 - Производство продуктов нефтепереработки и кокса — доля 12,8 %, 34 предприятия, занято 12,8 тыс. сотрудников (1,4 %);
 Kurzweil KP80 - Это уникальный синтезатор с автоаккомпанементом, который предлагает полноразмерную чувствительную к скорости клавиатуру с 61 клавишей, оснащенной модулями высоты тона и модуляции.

==

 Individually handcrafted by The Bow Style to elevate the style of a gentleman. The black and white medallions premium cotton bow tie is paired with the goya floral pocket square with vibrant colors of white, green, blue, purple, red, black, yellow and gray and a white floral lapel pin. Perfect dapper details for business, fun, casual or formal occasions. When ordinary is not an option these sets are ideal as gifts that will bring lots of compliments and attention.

● **EXERCISE DIRECTIONS**: Please give back exactly the lines of the listing above that run from the one containing "- Производство продуктов" through the one containing "Kurzweil KP80 - Это", and only those.

● **RESULT FOR THIS EXERCISE**:
 - Производство продуктов нефтепереработки и кокса — доля 12,8 %, 34 предприятия, занято 12,8 тыс. сотрудников (1,4 %);
 Kurzweil KP80 - Это уникальный синтезатор с автоаккомпанементом, который предлагает полноразмерную чувствительную к скорости клавиатуру с 61 клавишей, оснащенной модулями высоты тона и модуляции.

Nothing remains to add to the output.